Pivotal Releases Commercial Version Of Concourse, An Internal Continuous Integration Tool Capable Of Rapidly Closing Security Vulnerabilities
Pivotal Software Wednesday released a commercial version of Concourse, an open-source tool developed internally to automate software delivery, that can be employed to enhance security for enterprise applications.
Concourse for Pivotal Cloud Foundry enables continuous integration processes, including automated updating and patching of software running at all layers of Pivotal's popular development platform, Justin Smith, Pivotal's chief security officer, told CRN.
The new turnkey version of the tool originally built to enhance Pivotal's internal continuous integration/continuous delivery pipeline is particularly well-suited for closing vulnerabilities across Cloud Foundry stacks and ensuring software is always compliant, he said.
"We found security of our platform is directly proportional to how fast an organization can deploy our patches," Smith said. "PCF Concourse is a huge step forward in making those updates, at the app tier or the platform itself, a zero-click operation."
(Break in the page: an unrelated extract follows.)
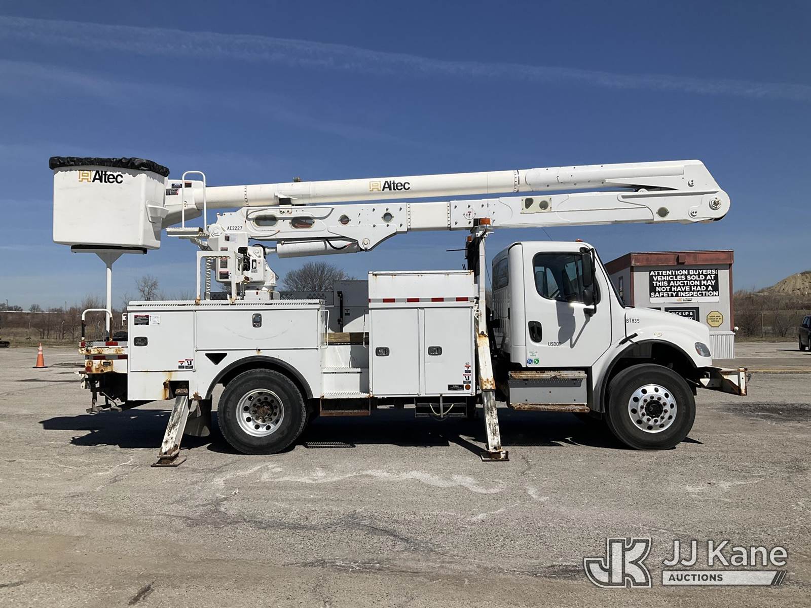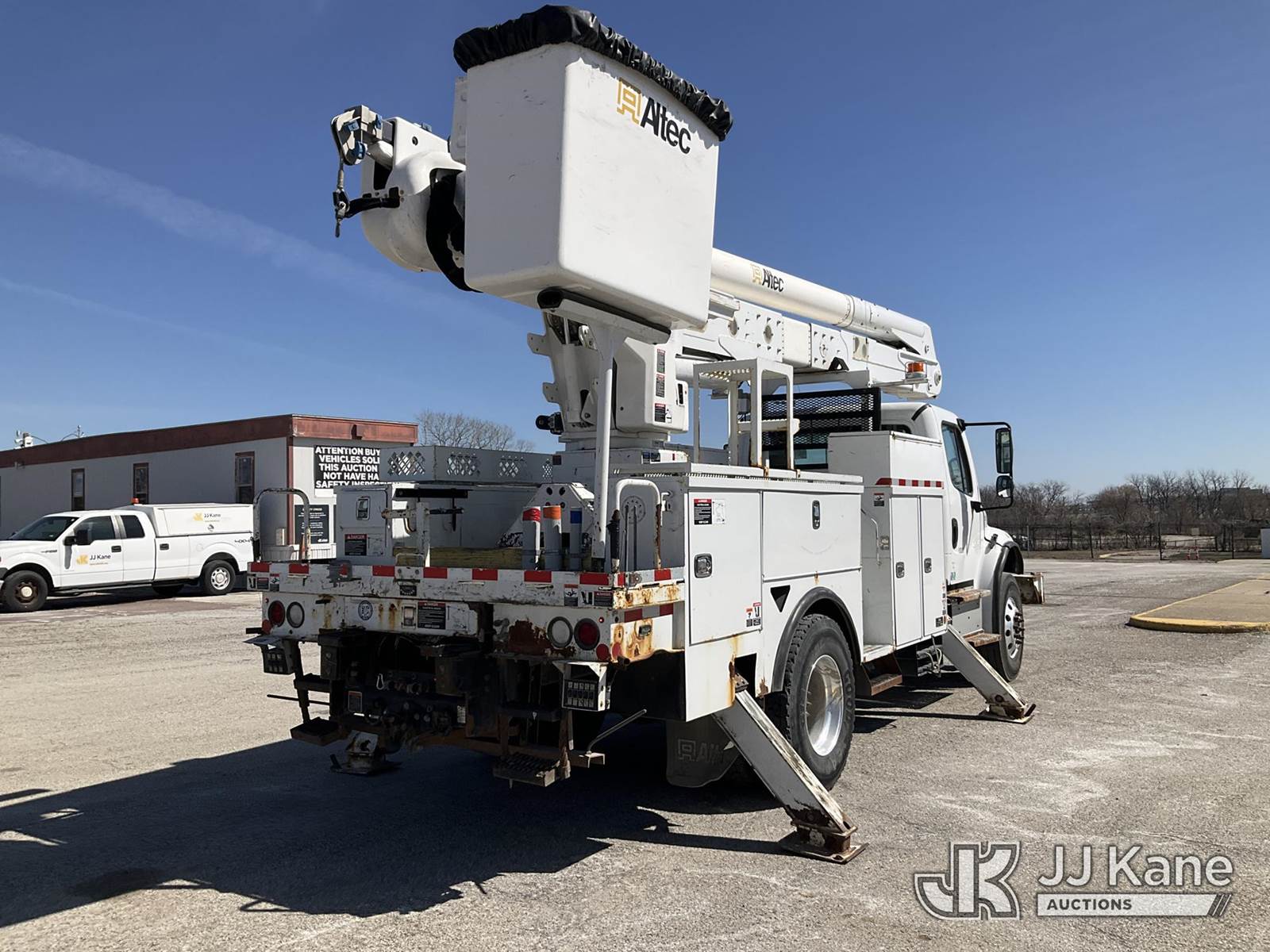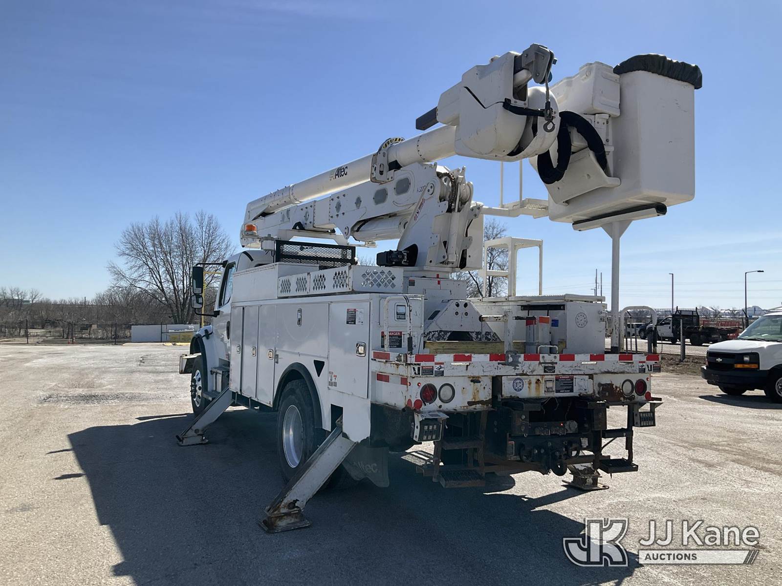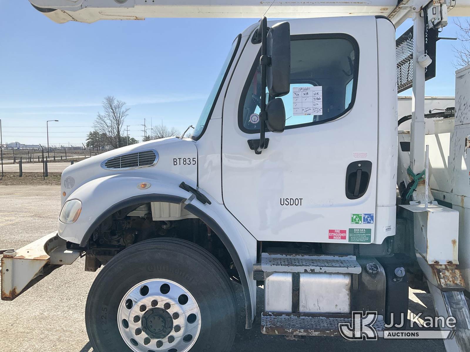 Altec AA55, 61 ft, Material Handling Bucket s/n 0517FH4517, with Four Outriggers, rear mounted on 2018 Freightliner M2 Utility Truck, Cummins 6.7L diesel, 4x4, Auto, A/C, (77,966 miles) (**Dealer Only** Runs & Moves)(Seller States **Do Not Operate**; this item has been removed from service due to the listed safety repairs that were not completed. The safety items below must be completed by an approved OEM facility before the unit can return to service: Broken Rotation Bearing Bolts, Upper Boom Stow Rest Pivot Pin Missing, Upper Controls Start/Stop Inoperable; Requires ANSI Inspection for Repair/Replacement Requirements.) (Reads 7,079 hours) (Bidding Restricted to Licensed Vehicle Dealers Only), This is a Titled Item NOTE: This unit is being sold AS IS/WHERE IS via Timed Auction and is located in Kansas City, MO. Inspection & preview days for this unit are the 2 business days prior to the first day of items closing for this auction, item is located at 962 Tel Aviv Ave Kansas City, MO 64153 and hours of operations are 8a-4p. For pre-sale questions, please contact Ricky McPherson @ (816) 610-2250. (Manuals provided in cab) (Buyer is responsible for removal. Assistance by consignor or JJ Kane Auctions is not assured.)

Pivotal's distribution of Cloud Foundry is ubiquitous in the enterprise—the Platform-as-a-Service solution undergirds production apps across the Fortune 500.
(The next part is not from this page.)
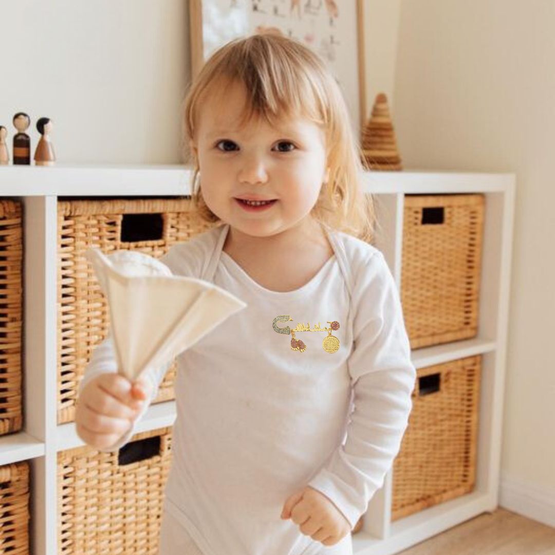 This Masha Allah Baby Pin features elegant Arabic script in a golden finish, including the powerful verses of Ayat ul Kursi and the 4 QUL. Display your faith and protect your little one with this beautiful and functional accessory. Made with expert craftsmanship and attention to detail.

Concourse for PCF removes friction from the process of updating software built on that platform, as well as the very nuts and bolts of the platform itself, Smith said. That allows IT security teams to focus on higher-level matters.
Software at the IaaS and PaaS layers "that's running your apps has to be updated as quickly as your apps are," Smith said. Where Cloud Foundry is "software that runs software," Concourse is "software that deploys software."
Pivotal built the tool because of dissatisfaction with other continuous integration solutions on the market. The San Francisco-based software developer that spun out of EMC, and whose investors include VMware, Dell EMC and General Electric, ultimately switched all its systems onto Concourse, which it open sourced in August 2015.
"We use it inside of Pivotal for doing all of our build and test integrations and for deploying into our hosted web services," he said.
The new commercial version packages the open-source software into a turnkey bundle that can be put to work maintaining compliance controls, security and standardization, in addition to deploying apps.
Concourse for PCF allows enterprise software to be updated in a similar style to Google's Chrome operating system—quick and effortless.
"This is the realization of that inside the data center," Smith said.
The tool is valuable for both cloud and on-premises deployments of Pivotal Cloud Foundry.
Internally, Pivotal uses Concourse to maintain the hosted Cloud Foundry environments it deploys on Google Cloud Platform and Amazon Web Services. But the tool works just as well on VMware's vSphere and OpenStack clouds.
While cloud operators maintain the infrastructure layer, customers are still responsible for ensuring the integrity of the operating systems and middleware they're running on guest VMs.
"We take care of that layer that's above the host layer," Smith said.